Provided with this lesson are a number of data files. We'll begin our exploration by loading the file `2018_budget.csv`.

When you read data into Pandas, it will be stored into a DataFrame (we'll explore what this means shortly).

In order to explore and manipulate our DataFrame, we'll assign it to a variable.

### A Note on Naming Conventions

Python has many naming conventions, and some of these vary slightly based on area of practice.

Generally speaking, it's best practice to use [snake case](https://en.wikipedia.org/wiki/Snake_case) for all variable names, and to provide your variables with informative human-readable names. Initial capital letters are usually reserved for `Class`es and `Type`s and written in [camel case](https://en.wikipedia.org/wiki/Camel_case). Variable names in all caps are usually reserved for global variables.

| casing | use case | example |
| --- | --- | --- |
| `snake_case` | most variables and functions | `some_variable`, `some_function` |
| `CamelCase` | classes | `DataFrame`, `Series` |
| `UPPERCASE` | global variables | `USER_CREDENTIALS`, `IP_ADDRESS` |

Until you become a more advanced Python user, you will probably want to exclusively use `snake_case`, as you are unlikely to be defining classes or global variables.

### A Specific Note on `df`

As you are searching for solutions to Pandas related issues and going through online tutorials, you will find a proliferation of the variable name `df`.

`df` is shorthand for DataFrame, and you can readily adapt code you find online to your use case by changing this variable name to make your user-defined variable name.

> "Should I use `df` to name _my_ DataFrame?" - Literally Everyone

_**Maybe**_.

My rule of thumb is that if I know I'm only going to be loading in a single DataFrame, I'll stick with `df`. If I'm going to have 2 of more DataFrames in a single notebook, then I always give each a descriptive, human-readable name.

**Note**: Please don't ever just append numbers to differentiate DataFrames. This creates a huge mental burden on you as a programmer and your audience to keep track of what data is in each DataFrame.

### Load Data as `df` with `read_csv`

Here, we'll use the standard `df` to read our CSV with default options.

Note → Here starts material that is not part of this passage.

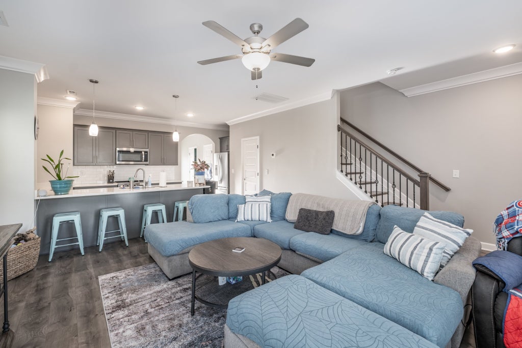 Step into this charming cottage in the sought-after Carter’s Station Village of North Columbia. Recently professionally landscaped, repainted and with carpets freshly cleaned, this home is truly move-in ready. This better than new Benton plan by Parkside Builders with so many upgrades offers a 2-bedroom, 2.5-bath layout with a versatile flex room that can easily transform into a 3rd bedroom or office. The open-concept design features soaring 9-foot ceilings and gorgeous wood laminate flooring throughout the main level. The kitchen shines with upgraded gray cabinets, white quartz countertops, crown molding downstairs, and a premium stainless steel appliance package—including a smart stove with touch screen and a brand-new refrigerator. Upstairs, the spacious owner’s suite boasts a private bath with a custom walk-in shower, with the shower and floor tile and grout professionally steamed. The secondary bedroom also enjoys its own bath, along with a conveniently located laundry area. Designer upgrades abound, including custom bathrooms, iron bannisters, wood stairs, and thoughtful details like a Ring doorbell and security system. Additional attic space with flooring provides even more convenient storage options. Storage is made simple with a shed and chest included. Enjoy easy entry from both the front and rear of the home, all while benefiting from a remarkably low $73/month HOA fee. With renting permitted, this home is not only perfect for everyday living but also an excellent investment opportunity. Ideally positioned just minutes from shopping and dining.

Pandas is great about having generally good default options that do what you probably want, but if your data ever loads in incorrectly, you can probably set an option or two to fix this by [consulting the docs](https://pandas.pydata.org/pandas-docs/stable/reference/api/pandas.read_csv.html#pandas.read_csv).

## Preview Data

Pandas is meant for computational evaluation and manipulation of your data. This means that you'll never be manually poring over every value in your data. Our data is going to be big, and visual inspection will be a waste of our time.

Similarly, because our data is big, we don't want to ever print out all rows. Instead, we'll check that our manipulations are working correctly by printing out small previews.

### `.head`

By default, this returns the top 5 rows. Pass a scalar value as an argument to get that number of rows returned.

### `.tail`

The same as `.head` but for the end of our DataFrame.

### `.sample`

Provides a random sample of the rows in our data.

### Note on Data Previews

While we'll use `head` extensively throughout this demo, it's generally good practice to validate your operations by sampling from throughout your data, especially as you're learning (as you're especially prone to make mistakes that might not be apparent in just the first 5 rows).

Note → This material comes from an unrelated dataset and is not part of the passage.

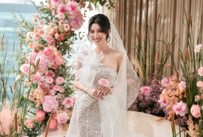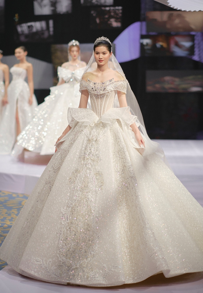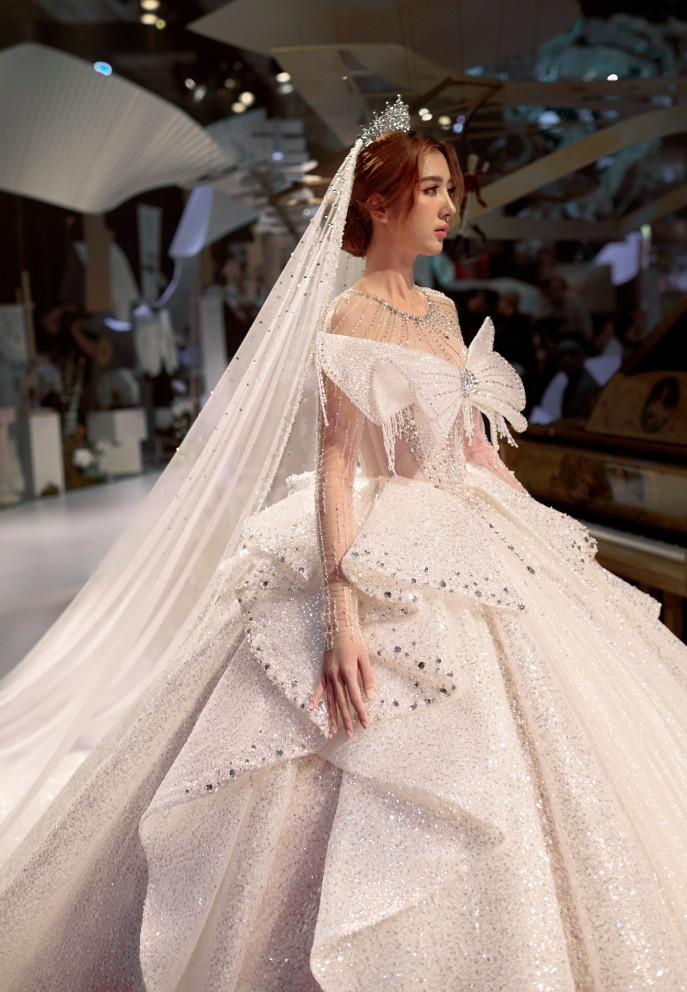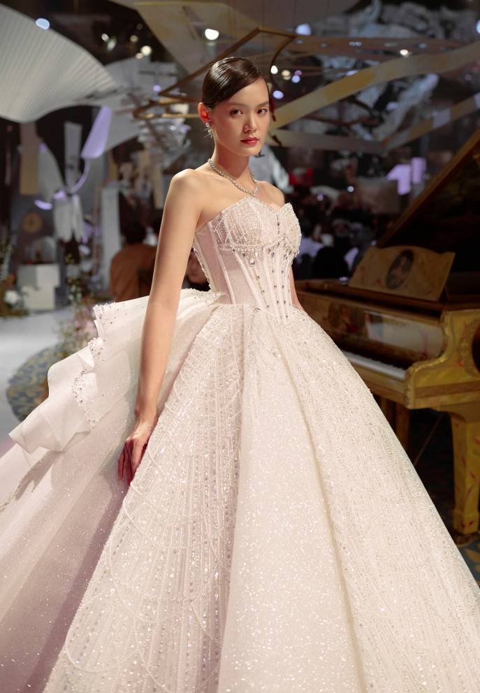 Một chiếc váy cưới bồng xòe luôn là lựa chọn của các cô gái. Nhà thiết kế chọn kiểu đính kết tia đến từ đá rhinestone cùng điểm nhấn là đá moonstone tạo nét hiện đại.

In particular, manual inspection of the `tail` of your data will often quickly reveal if there was an error while parsing/loading your data, as generally these errors will cause misalignment that propagates throughout your data and will be easily visible in your last few rows.

## `DataFrames` and `Series`

The two main data structures you'll need to understand when working with Pandas are `DataFrames` and `Series`.

In brief, Pandas provides tabular (table-based) access to data, porting much of the functionality of Excel and SQL into the Python environment. As such, we'll be talking a lot about rows, columns, and cells. 

At the same time, it is implemented to be optimized for vectorized operations, meaning that we can also think of a DataFrame as a matrix, with our Series representing vectors, and our cells being scalars. **If you don't speak linear algebra, don't worry.** If you just use Pandas built-in functions, you should see the performance benefits without ever thinking about what a vector is.

Here's a table to help you organize these concepts:

| Pandas structure | Common name | Linalg complement | Dimensions |
| --- | --- | --- | --- |
| DataFrame | table, sheet | matrix | 2-d (rows by columns) |
| Series | column, row | vector, array | 1-d (rows and columns have length only) |
| values | cell | scalar | 0-d (these are single values) |


If you're inclined, you can get a deep understanding of these by [reading the docs](https://pandas.pydata.org/pandas-docs/stable/getting_started/dsintro.html).

For our purposes, we'll make a few simple (but important) distinctions.

### `Series`

We can think of Series as the rows and columns of a DataFrame. When we access a series, the returned preview won't be pretty printed.

#### Columns

We can access Series in a number of ways. Most commonly, we'll use a single square bracket notation.

**NOTE**: We'll use `head` on all of our column operations to only show the first 5 rows.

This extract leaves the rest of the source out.